I feel this giving in the work I do as a writer. I am healed, and in the healing, I find ways to share this experience with others, and then they, too, can be healed, and freed. I can think of no greater fulfillment than to help another come to healing, to understanding, to love.
In creating art, L’Engle said, we are “once again able to do all the things we have forgotten; we are able to walk on water; we speak to the angels who call us; we move, unfettered, among the stars.”
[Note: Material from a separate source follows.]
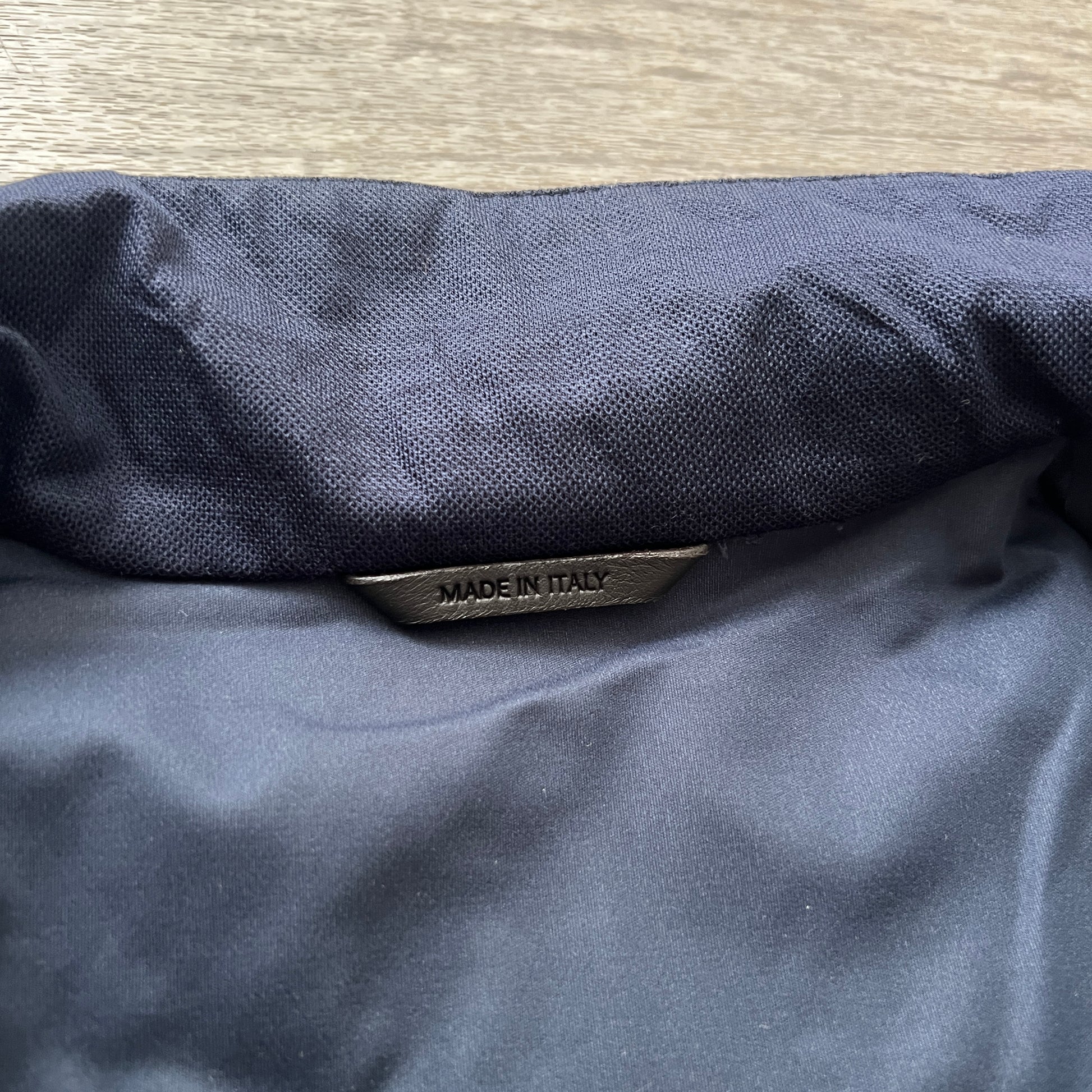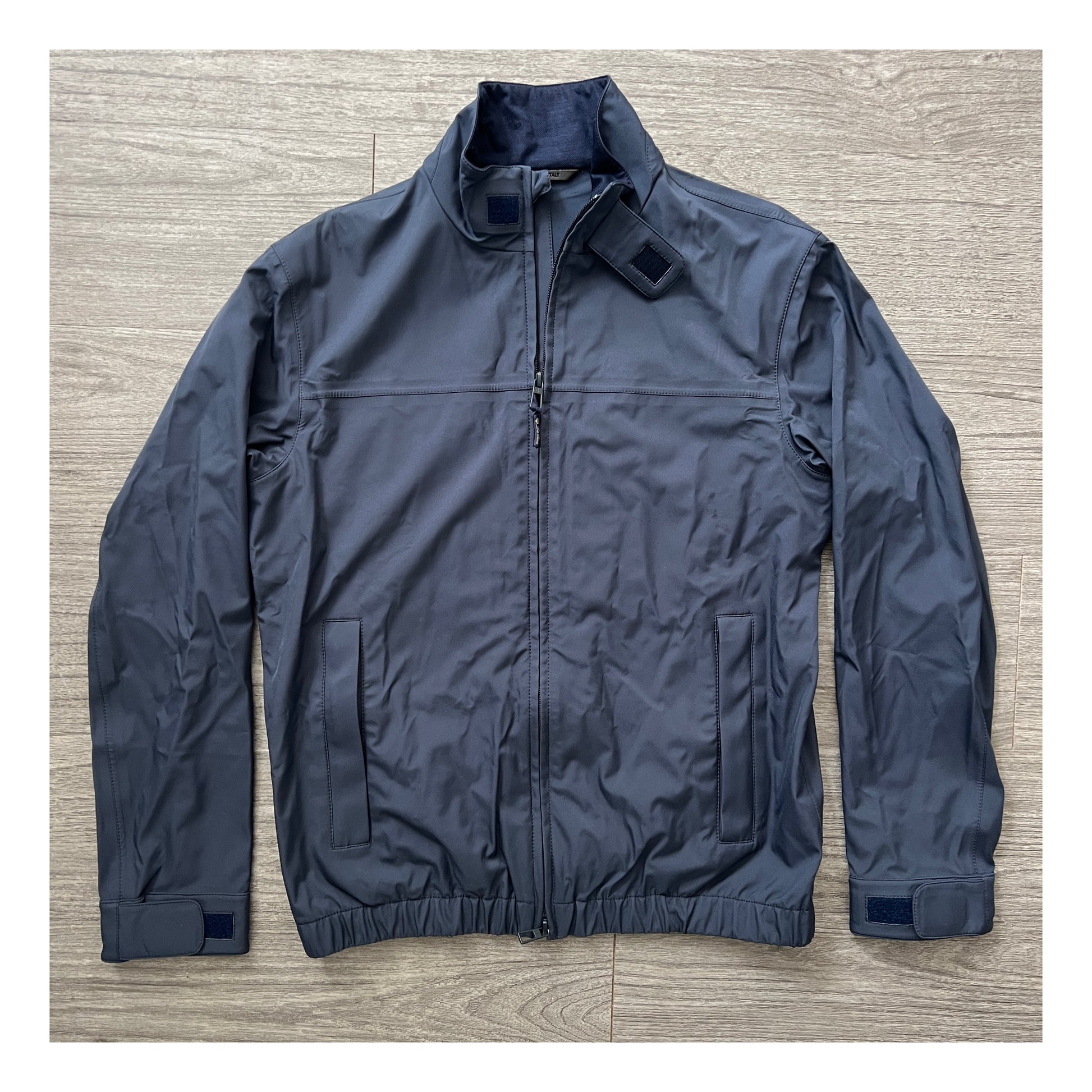 Lightweight LORO PIANA golfing jacket handcrafted in Italy from Storm System fabric for rain and wind protection. It has all the tell-tale details of fine Italian craftsmanship, and features the LORO PIANA logo embroidered on the back collar.

Beautiful words, but certainly not limited to art. Whenever we are called on to be present to others, we must become unbound to a certain extent.
L’Engle’s words pull me in, make me nod, “Yes.” I see the water, the angels, and imagine myself “moving unfettered among the stars.” It is a lovely visual of freedom — of heaven, perhaps.
She goes on.
“We write, we make music, we draw pictures because we are listening for meaning, feeling for healing,” she said. “And during the writing of the story, or the painting, or the composing or singing or replaying, we are returned to that open creativity which was ours when we were children.”
We cannot, she added, be mature artists if we have lost the ability to believe as children. “An artist at work is in a condition of complete and total faith.”
And so it is with living. We cannot be mature, cannot achieve what we’re here to do, cannot be our best selves, truly free, if we lose our ability to believe. We must, as children of God, as mothers, friends, wives, aunts, grandmothers, be in a condition of complete and total faith to do our best work.
It is when we are in this state that we can be healers, listeners, servants. And what a beautiful thing to be able to do — to turn to another and give them our whole selves; to be “God with skin” to others.
Q4U: How have you been a healer, a listener, a servant this week?